# AEP trip 4/3-4/4



## dre (Aug 14, 2009)

I plan on taking a trip down to AEP that weekend. What is usually the 'magical' temperatures to get the bass to start biting in those ponds. I imagine the water is still very cool in most of them. I just wonder if we will have a period of warm weather before my trip or would it even be worth going down that early? Thoughts?


----------



## shroomhunter (Aug 6, 2004)

I wouldn't go, it's too far to drive, the ponds are fished out, the birds chirp too much, it'll probably rain, the nights will be cold, the beverages will get warm and food cooked over a fire is terrible.
See you there....
Magical water temps......above 32


----------



## dre (Aug 14, 2009)

Haha in other words why am I questioning this..I should go! I'm suprised there is hardly any AEP talk yet this year. I looked at posts from last year and people were getting pumped about it. I guess the weather hasn't quite got people in the mood yet?


----------



## Fishin365 (Feb 3, 2009)

i agree with mushroomman...above 32 degrees. i also agree that there is much more traffic down there lately since they have cleaned the camps up a little.....still no excuse for not catching quality fish, just hard to get away from people. 

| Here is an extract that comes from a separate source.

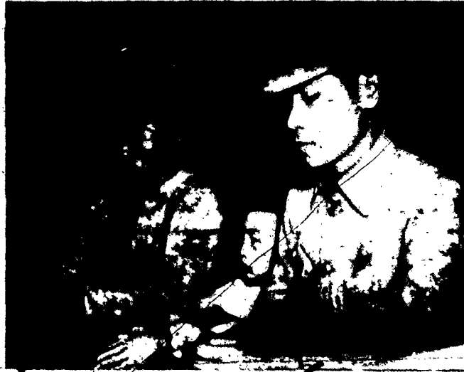
A Chinese soldier fingers his Rosary. In this view from war-torn China, the soldier wears his hat. The soldier wears his hat. Customs seem to be different in the Orient. There are no captains for the 20,000 Catholic soldiers in the Chinese armies, but their faith is an inspiration to their comrades, and many conversions are reported.

PS-be aware of the game wardens.....cross a property line or anything they will get you...trust me


----------



## dinkcatcher (Jul 4, 2009)

A group of us are going down the 15-17th so well be awaiting your report


----------



## Bubbagon (Mar 8, 2010)

From various trips: (see a pattern?)


Early March/ Jig-N-Pig









Early March/ Jig-N-Pig









Late March/ Jig-N-Pig


----------



## Networthy (Dec 22, 2008)

I was just wondering if anyone has seen a new map for AEP, I read where there was some land that was released or reopened. I konw that for the last three or four years there has been talk of reopening Q, but I have yet to drive by and see an open gate at Q. I would love to see Q and L reopened. Any info would be great it'll be about a month before I go, and I have some old maps, so I guess that I really don't need a new map, just confirmation of what is actually open. Thanks.


----------



## woba123 (Mar 15, 2011)

nice fish...good pics


----------



## pastorchris (Mar 19, 2007)

You can contact the AEP plant in Beverly and they will send you all the maps you want. I got several when I heard the announcement of the newly opened land. If I remember right, its right about 22,000 acres reopened. I cant wait to get back into some of the ponds I used to fish until I found out they were off limits. 
IT'S GONNA BE A GOOD SPRING TATER!!!!!!!!!!


----------